In this chapter, you explore how to use Visual Basic for Applications (VBA) to perform common (and not so common) file operations and work directly with text files.

Excel provides two ways to perform common file operations:

·     Use traditional VBA statements and functions: This method works for all versions of Excel.

·     Use theFileSystemObjectobject, which uses the Microsoft Scripting Library: This method works for Excel 2000 and later.

inline Caution

Some earlier versions of Excel also supported the use of the FileSearch object. That feature was removed, beginning with Excel 2007. If you execute an old macro that uses the FileSearch object, the macro will fail.

In the sections that follow, you explore these two methods and some examples.

Using VBA file-related statements

The VBA statements that you can use to work with files are summarized in Table 11.1. Most of these statements are straightforward, and all are described in the Help system.

Table 11.1 VBA File-Related Statements

Command

What It Does

ChDir

Changes the current directory

ChDrive

Changes the current drive

Dir

Returns a filename or directory that matches a specified pattern or file attribute

FileCopy

Copies a file

FileDateTime

Returns the date and time when a file was last modified

FileLen

Returns the size of a file, in bytes

GetAttr

Returns a value that represents an attribute of a file

Kill

Deletes a file

MkDir

Creates a new directory

Name

Renames a file or directory

RmDir

Removes an empty directory

SetAttr

Changes an attribute for a file

The remainder of this section consists of examples that demonstrate some of the file manipulation commands.

A VBA function to determine whether a file exists

The following function returns True if a particular file exists and False if it doesn’t exist. If the Dir function returns an empty string, the file couldn’t be found, so the function returns False.

Function FileExists(fname) As Boolean

    FileExists = Dir(fname) <>""

End Function

The argument for the FileExists function consists of a full path and filename.

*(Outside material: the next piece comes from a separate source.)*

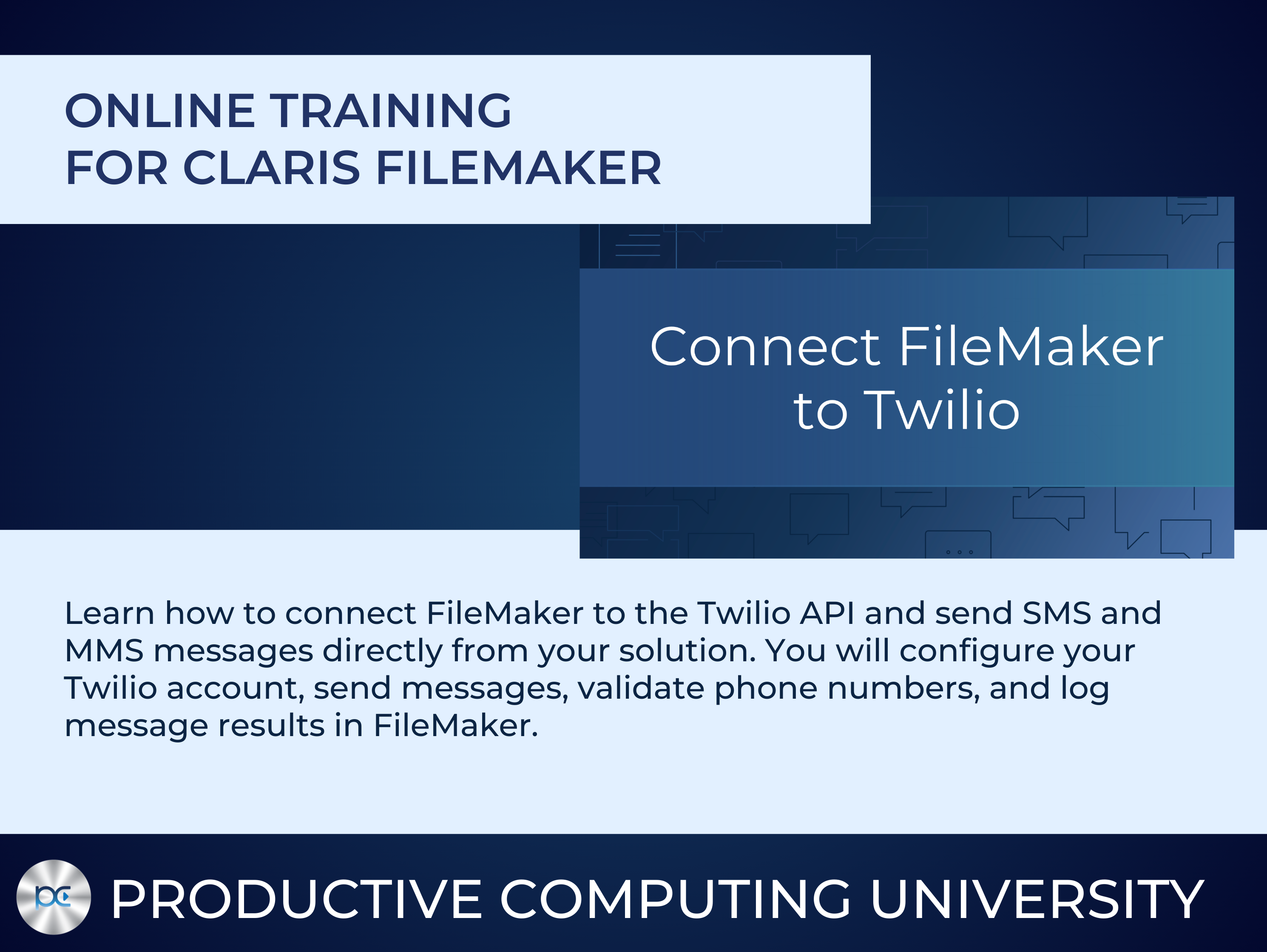 Product websiteConnect FileMaker to Twilio from Productive Computing University teaches you how to integrate FileMaker with the Twilio API so you can send text messages directly from your FileMaker solution. Text messaging is one of the most effective ways to communicate with customers, making it ideal for notifications, reminders, and important updates.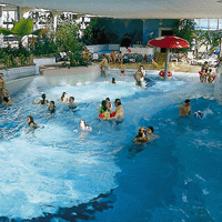 Erlebnisbad - Wasserwelt Gönnen Sie sich Entspannung und Erholung für Körper und Geist in unserem Bad. Die größte Wassererlebniswelt der Pfalz zählt zu den führenden Wellnesseinrichtungen in der Bundesrepublik und wurde von Testinstituten zu einem der besten Freizeitbäder in Deutschland gekürt. La Ola-Riesenrutsche Garantiert viel Spaß erleben Sie in der Riesenrutsche "Black Hole", die ihren Namen zu Recht trägt. Ein großer Teil der Rutsche ist verdunkelt. Länge: 100 Meter Höhe: 13 Meter La Ola-Wellenbecken Genießen Sie die Brandung des großzügigen La Ola-Wellenbeckens. Jede halbe Stunde erleben Sie den Ozean live. Es sind 5 verschiedene Wellenarten möglich - äußern Sie Ihren Wunsch einfach beim Schwimmmeister. Besonders viel Spaß haben Sie im Wellenkanal, den Sie auf über ein Meter hohen Wellen durchreiten können. La Ola-Whirlpools Steigen Sie ein in das wohltuende Sprudelbad. Eine Wassertemperatur von 37°C verspricht Erholung und Entspannung. Whirlpools finden Sie im Freizeitbereich und im Saunabereich. La Ola-Kleinkind-Badebereich Für jedes Alter etwas dabei. Der Kleinkind-Badebereich, umgeben von Palmen, wartet mit einer Wassertemperatur von 32°C auf die Kleinen. Weiterhin gibt`s eine eigene "Dino-Rutsche", Wasserspiele, sowie einen Wickeltisch und Stromanschluss (für Babyfläschchen). La Ola Außen-Thermalbecken Gerade in der kalten Jahreszeit ein besonderes Vergnügen: Planschen im Freien bei 32° C Wassertemperatur. Bodensprudler und Massagedüsen können auf Wunsch durch den Schwimmmeister geschaltet werden. Entspannen Sie sich auf der großzügigen Liegewiese, sowie auf der Sonnenterrasse mit Liegestühlen. Außerdem gibt`s eine Tischtennisplatte, die natürlich kostenlos benutzt werden darf. La Ola-Sportbecken/Nichtschwimmer Auch sportliche Besucher kommen im La Ola auf ihre Kosten. Ein 25-Meter-Sportbecken mit 3-Meter-Turm und 1-Meter-Brett bringen Schwimmspaß. Ziehen Sie Ihre Bahnen. Wassertemperatur: 28° C. Daneben steht noch ein mit 32° C temperiertes Lehrschwimmbecken zur Verfügung. Vitalgarten Nach den Grundsätzen der fernöstlichen Feng Shui-Lehre wurde im Außenbereich des Bades ein Vitalgarten mit Energie- und Ruhebereichen angelegt. Sauna-Sonnenterrasse Die Stahl-Holz-Konstruktion der Sauna-Sonnenterrasse bietet Saunagäste im Sommer die Möglichkeit sich nahtlos zu bräunen. Blickpunkt der Sauna-Sonnenterrasse bildet ein nach Feng-Shui Kriterien gestalteter Brunnenbereich. LA OLA-Feng-Shui Saunaruheraum Das besondere Ambiente des Saunaruheraumes nimmt der Besucher sofort wahr: Neben einer harmonischen und auf die Grundsätze des Feng-Shui abgestimmten Farbgestaltung nach den vier Elementen Wasser, Erde, Feuer, Luft, wurde ebenso darauf geachtet, dass der Raum den Besucher mit seinen Einrichtungen zum Wohlfühlen einlädt. |

The function can be used in a worksheet or called from a VBA procedure. Here’s an example:

MyFile ="c:\budgeting\2013 budget notes.docx"

Msgbox FileExists(MyFile)

A VBA function to determine whether a path exists

The following function returns True if a specified path exists and False otherwise:

Function PathExists(pname) As Boolean

'   Returns TRUE if the path exists

    On Error Resume Next

    PathExists = (GetAttr(pname) And vbDirectory) = vbDirectory

End Function

The pname argument is a string that contains a directory (without a filename). The trailing backslash in the pathname is optional. Here’s an example of calling the function:

MyFolder ="c:\users\john\desktop\downloads\"

MsgBox PathExists(MyFolder)

inline On the Web

The FileExists and PathExists functions are available on the book’s website in the file functions.xlsm file.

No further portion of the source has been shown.